|Publication number||USRE35891 E|
|Application number||US 08/538,664|
|Publication date||Sep 8, 1998|
|Filing date||Oct 3, 1995|
|Priority date||Dec 22, 1992|
|Also published as||CA2086040A1, CA2086040C, US5361845, WO1994015067A1|
|Publication number||08538664, 538664, US RE35891 E, US RE35891E, US-E-RE35891, USRE35891 E, USRE35891E|
|Inventors||Abul K. M. Jamaluddin, Taras W. Nazarko|
|Original Assignee||Noranda Inc.|
|Export Citation||BiBTeX, EndNote, RefMan|
|Patent Citations (16), Referenced by (10), Classifications (5), Legal Events (1)|
|External Links: USPTO, USPTO Assignment, Espacenet|
This invention relates to a process for increasing near-wellbore permeability of a porous subterranean formation.
Most porous formations contain clay minerals, which are crystalline in nature and have lattice-layer silicates and chain silicates. The lattice-layer silicates are formed of combinations of two basic building blocks, a silicone-oxygen tetrahedron, and an aluminum-oxygen-hydroxyl octahedron. These units are polymerized into sheets. Tetrahedral sheets are formed by sharing of corners, while octahedral sheets are formed by sharing of edges. There are two types of octahedral sheets: one in which every octahedral site is filled by a divalent ion and one in which two out of three sites are filled by trivalent ions. The first and second sheets are referred to as trioctahedral and dioctahedral sheets, respectively. The polymerization process can also be continued by hooking together terahedral and octahedral sheets to form a 1:1 composite layer. In the composite layer, the octahedral sheet could also be a dioctahedral one. Similarly, a 2:1 composite layer can also be formed by using two tetrahedral sheets to the central octahedral layer. At 2:1 composite layer could be formed of dioctahedral or trioctahedral sheets.
Clay surfaces of the most common clays have many negatively charged sites, which make them fresh-water sensitive. Previous studies have established that clay occur naturally as either pore-lining or pore-filing minerals. These clay minerals usually are surrounded by saline connate water layer. The cations (e.g., Na+, Ca++ etc.) from the saline water neutralizes the negative charges in clay minerals. The introduction of fresh water or less saline water into the formation, dilute the connate water and reduce its saline content. Because of this cation-charge deficiency around clay minerals, water molecules can easily invade in between clay platelets and results in swelling or dispersion. Therefore, charge deficiency in the minerals is an important quantity. It determines the forces holding the layers together. With mica group, these forces are relatively large. For smectites the forces are relatively small. The results is that interlayer cations can leave and enter the structure readily. In addition, water and organic molecules can enter and leave readily. Water tends to hydrate interlayer cations and result in a swelling of structure perpendicular to these layers.

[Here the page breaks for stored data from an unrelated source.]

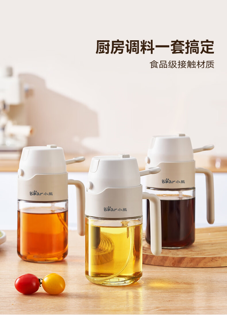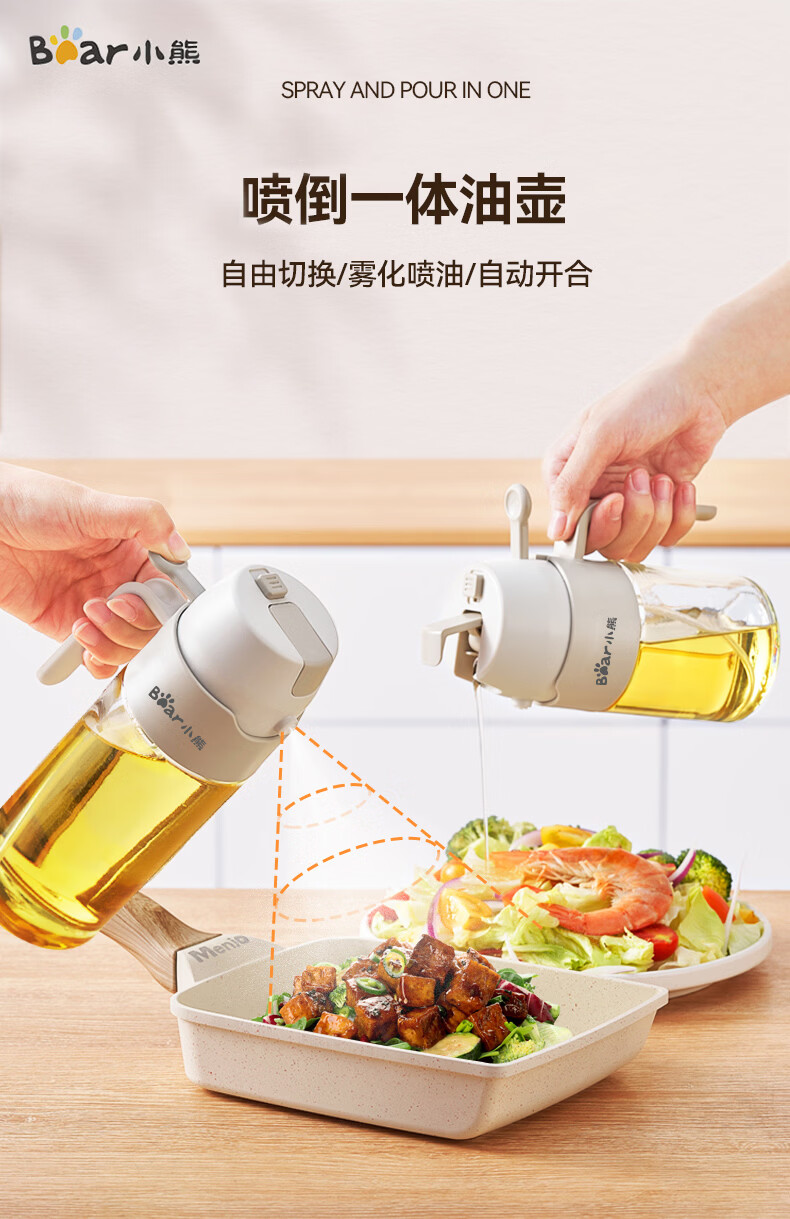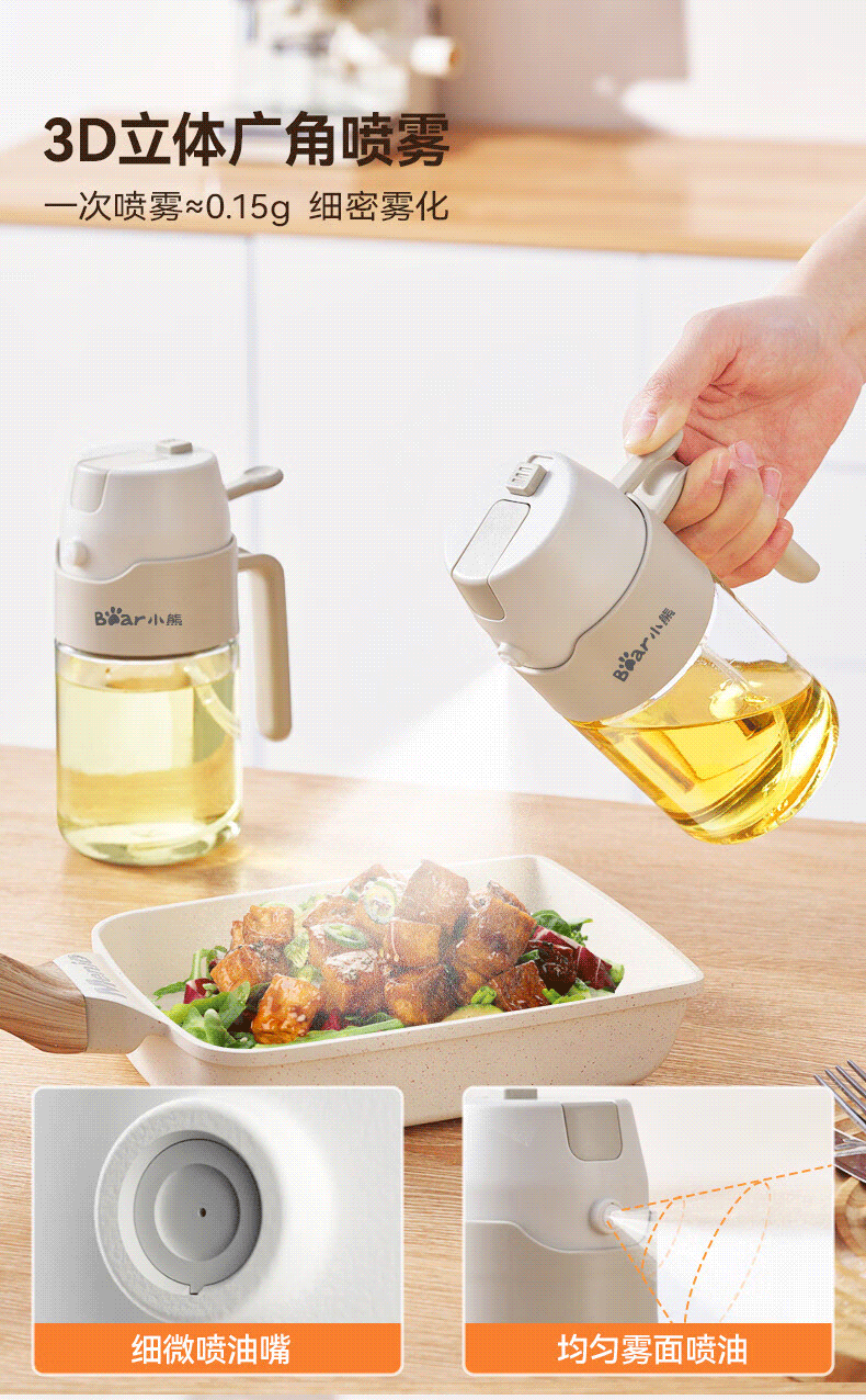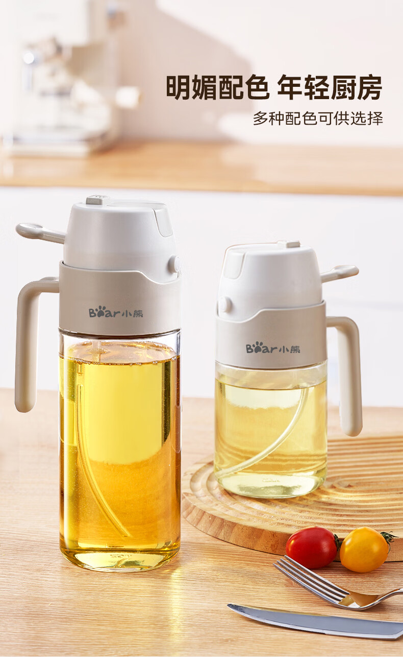 小熊(Bear)油壶喷油壶 倒油喷油一体 玻璃油壶厨房自动开合 雾化不挂油350ml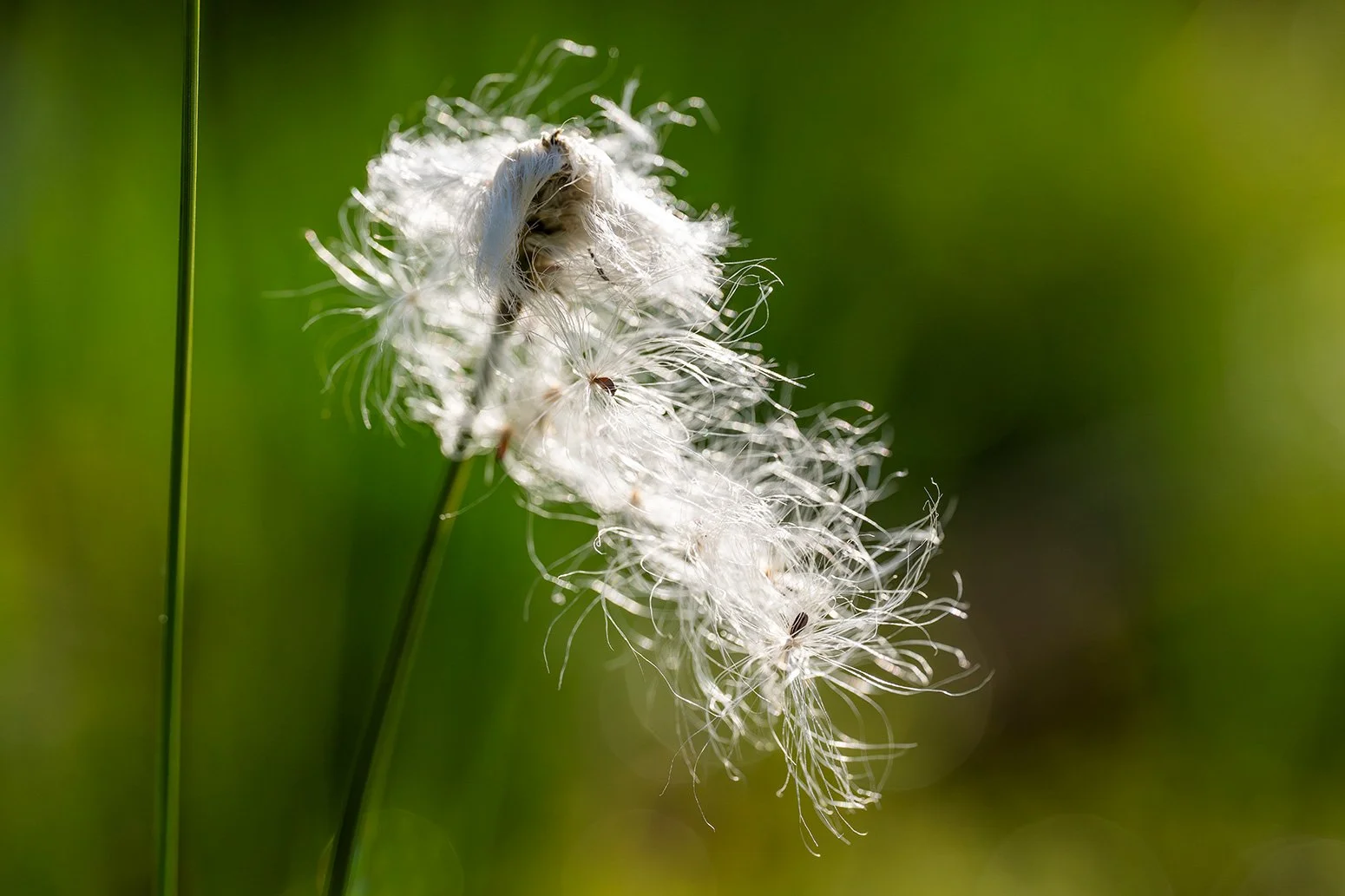 Wie alles in der Natur, habe auch die wolligen Puschel natürlich einen Zweck. Losgelöst vom Stengel, können die Samen mit ihren Windfängern viele Kilometer weit durch die Luft getragen werden und sorgen so für eine Verbreitung der verschiedenen Arten von Wollgräsern.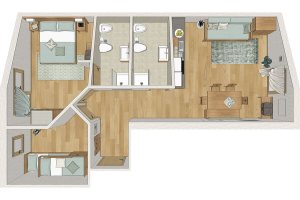 Le famiglie numerose o che desiderano ambienti separati per un maggiore comfort, possono scegliere due camere comunicanti con bagno.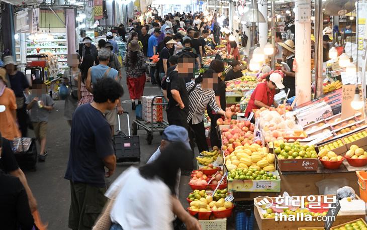 [한라일보] "추석 명절 대목이라 붐비지만 경기가 어렵다고 하고, 과일 가격 등도 올라 고객들이 지갑은 잘 열지 않네요."
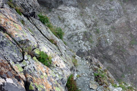 このような岩場を下るとき、必要となれば、既存のハーケンなどを利用しようと、スリングを2本用意していたが、使うようなことはなかった。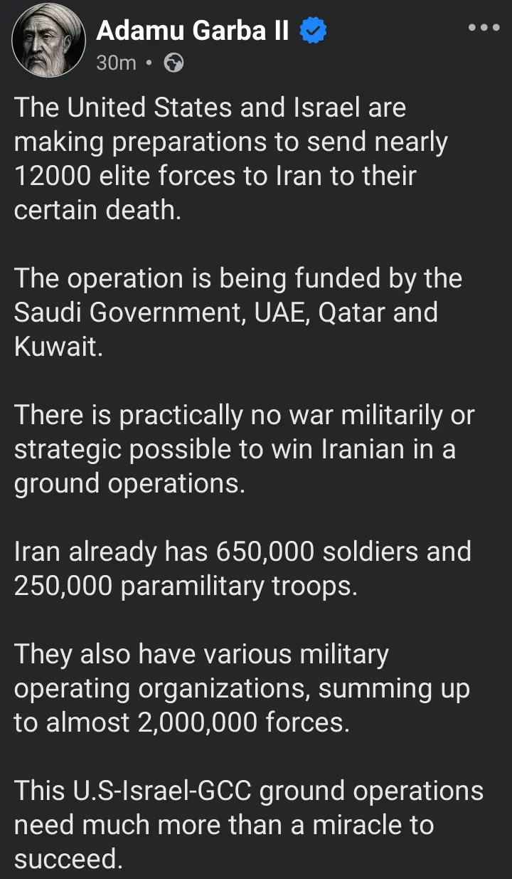 In a statement shared on his verified social media account, Garba claimed that Washington and Tel Aviv are preparing to deploy nearly 12,000 elite troops into Iran, describing the alleged move as a “suicidal mission” with little chance of success.
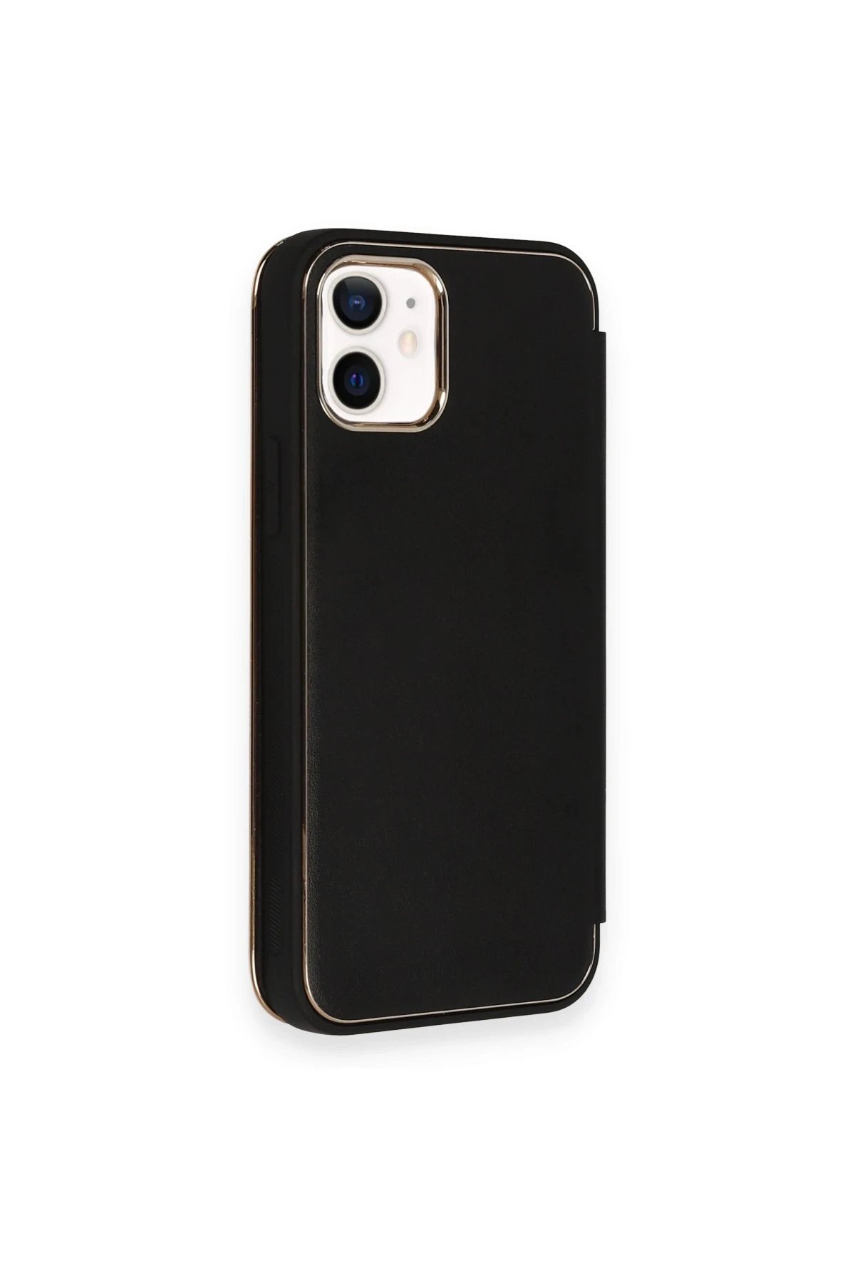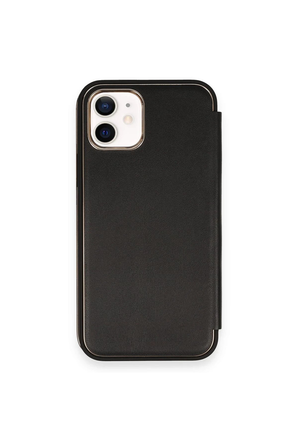 iPhone 12 Kılıf Dolpin Kapaklı – Siyah-(5796)

Organic materials also cause swelling.
Clay materials either were originally deposited during sedimentation, were formed later by the action of heat, pressure, and time on minerals already present, or were precipitated from fluids flowing through the matrix. The major components of clay are smectite, kaolinite, illite and mixed layer (i.e., illite-smectite). The two major mechanisms by which these minerals cause permeability damage are swelling and migration. In swelling, clay imbibes fresh water into its crystalline structure and subsequently increases in volume, plugging the pores in which it resides. Mixed layer and smectite are examples of swelling clays. In migration, clay minerals can be dispersed by contact with a foreign fluid or can be entrained by produced fluids and transported until a restriction is encountered (usually a pore throat), where the entrained particles bridge and restrict flow in the capillary. Kaolinite, illite, chlorite and mixed-layer are examples of migrating clays.
During drilling, if water-based drilling mud is used, mud filtrate will invade and damage the near-wellbore formation to some degree. During completion, the completion fluid can also invade and damage the near-wellbore formation. The cause of the formation damage can be explained by several possible factors including:
1. the invasion of drilling fluid causes clay minerals to swell and to constrict pore throats; this constriction causes a decrease in formation porosity and permeability, and an increase of the capillary effects.
2. the invasion of water-based fluid also causes water blockage due relative-permeability effects (two-phase flow).
The above-mentioned factors and other possible factors subsequently cause permeability reduction. Hydraulic-fracture treatments are often effective in by-passing the clay-related formation damage. However, these treatment techniques of clay-related formation damage, especially in horizontal wells, are difficult to perform and could be uneconomic. Therefore, there is a need in the petroleum industry for a new and improved method of treating clay-related formation damage.
In addition to the conventional acid and hydraulic-fracture treatments, several unconventional methods are disclosed in the literature. The following is a brief description of some of these disclosures.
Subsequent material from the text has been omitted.